Zani, S. e Cerioli, A. (2007). Analisi dei dati e data mining per le decisioni aziendali. Giuffrè Milano
Learning Objectives
The course aims to provide knowledge and understanding of theory and practice of some popular multivariate techniques of dimension reduction, cluster analysis, discriminant analysis.
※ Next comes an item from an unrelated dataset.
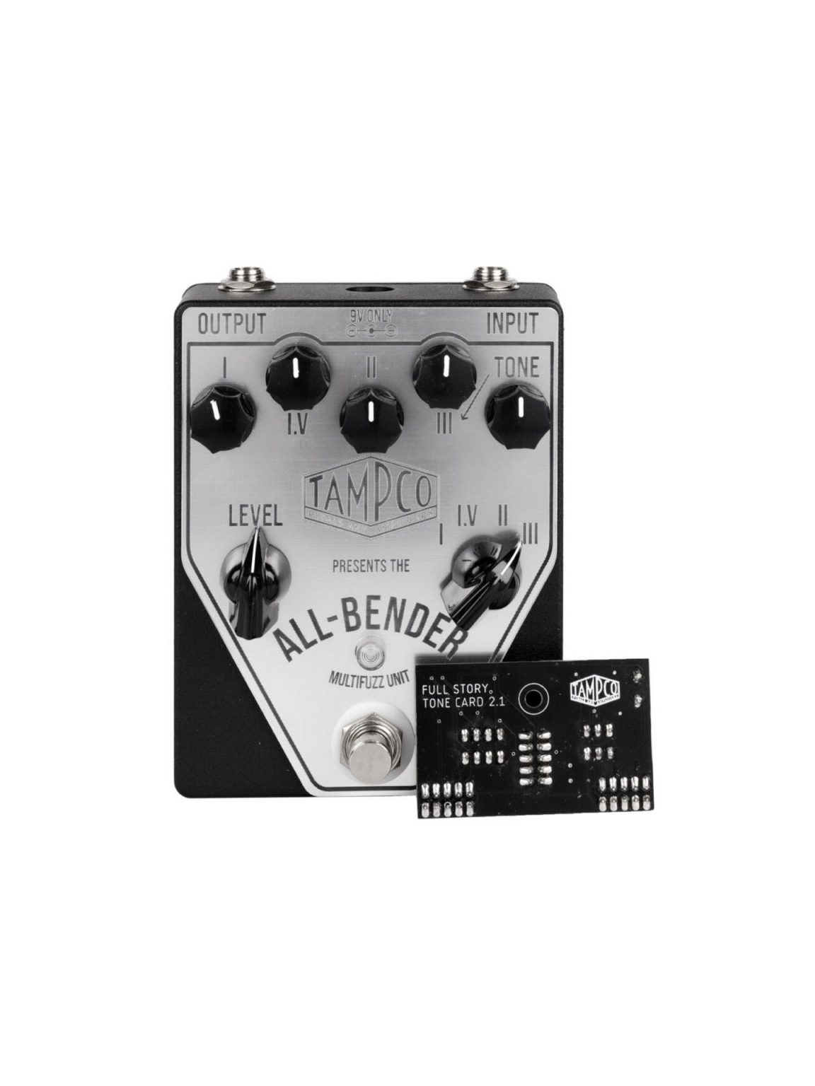 Ayant étudié en profondeur les circuits de toutes les versions de Tone Bender, Tampco propose une Tone Cards avec un circuit unique mêlant deux univers,

Concerning the practical aspect, the course will involve the implementations of the considered techniques through the statistical software R.
Prerequisites
Preparatory courses:
STATISTICA I and ALGEBRA LINEARE E GEOMETRIA ANALITICA
Teaching Methods
Frontal lectures, exercises, and data lab sessions.
There will be also some
homework assignments, whose solutions will be subject of classroom discussion
Further information
Additional teaching materials will be provided during the course through the e-learning platform
Type of Assessment
Written exam (also including data analysis with R) and oral exam
Course program
1 Introduction to multivariate statistical analysis
1.1 Graphical representations of multivariate data
1.2 Random vectors and summary statistics
2 Multivariate distributions
2.1 Distribution and density functions
2.2 Moments of multivariate distributions
2.3 Transformations
2.4 The Multinormal Distribution and its elementary properties
3 Decomposition of data matrices by factors
3.1 Projecting rows in subspaces
3.2 Projecting columns in subspaces
3.3 Relations between subspaces
4 Principal Components Analysis
4.1 Principal Components
4.2 Selecting the number of Principal Components
4.3 Interpretation of results of Principal Component Analysis
5 Cluster Analysis
5.1 Proximity between objects
5.2 Clustering algorithms
6 Discriminant Analysis 6.1 Allocation rules for known distributions: Maximum Likelihood discriminant rule. Bayes discriminant rule. Minimization of the expected cost of misclassification.
6.2 Fisher Linear Discriminant Analysis
7 Simple Correspondence Analysis
7.1 Chi-Square decomposition and total inertia of a contingency matrix
7.2 Correspondence Analysis in practice